A nação dos hunos supera todos os outros bárbaros em termos de vida selvagem. E embora [os hunos] tenham apenas a semelhança dos homens (de um padrão muito feio), eles são tão pouco avançados na civilização que não fazem uso do fogo, nem de qualquer tipo de apetite, no preparo de sua comida, mas alimentam-se das raízes que encontram nos campos e da carne meio crua de qualquer tipo de animal. Digo meio cru, porque dão uma espécie de cozimento, colocando-o entre as próprias coxas e o dorso dos cavalos. Quando atacados, eles às vezes se envolvem em batalhas regulares. Então, entrando na luta em ordem de colunas, enchem o ar de gritos variados e discordantes.
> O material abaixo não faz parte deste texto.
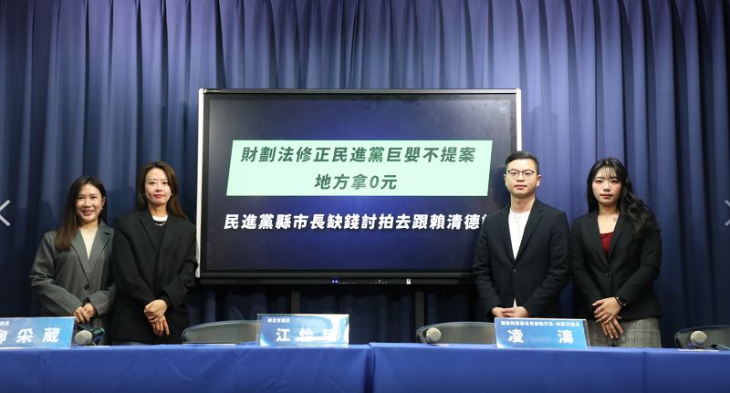 國民黨新北市議員江怡臻、台北市議員柳采葳、桃園市議員凌濤、發言人楊智伃25日下午召開「財劃法修正民進黨巨嬰不提案、地方拿0元、民進黨縣市長缺錢討拍去跟賴清德說」記者會。柳采葳指出,民進黨在高雄有八席立委、台南六席、嘉義縣兩席,屏東縣兩席、澎湖一席,總共19席的立委,對財劃法的提案在哪?反倒是國民黨的修法版本納入人口等多項指標,才符合公平正義。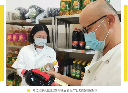 开学第一天,牵挂着学生用餐健康的校领导们早早地来到了食堂,深入了解食堂的准备工作,关注新生的就餐情况。

Mais frequentemente, no entanto, eles lutam sem uma ordem regular de batalha, mas por serem extremamente rápidos e repentinos em seus movimentos, eles se dispersam e, em seguida, rapidamente se unem novamente em uma formação solta, espalham o caos por vastas planícies e voando sobre a muralha, eles pilham o acampamento de seu inimigo quase antes que ele se dê conta de sua aproximação. Deve-se reconhecer que eles são os mais terríveis dos guerreiros porque lutam à distância com armas de mísseis com ossos afiados admiravelmente presos ao cabo. Quando em combate corpo-a-corpo com espadas, eles lutam sem levar em conta sua própria segurança, e enquanto seu inimigo tem a intenção de aparar o golpe das espadas, eles jogam uma rede sobre ele e enredam seus membros que ele perde toda a força de andar ou cavalgar . (XXXI.ii.1-9)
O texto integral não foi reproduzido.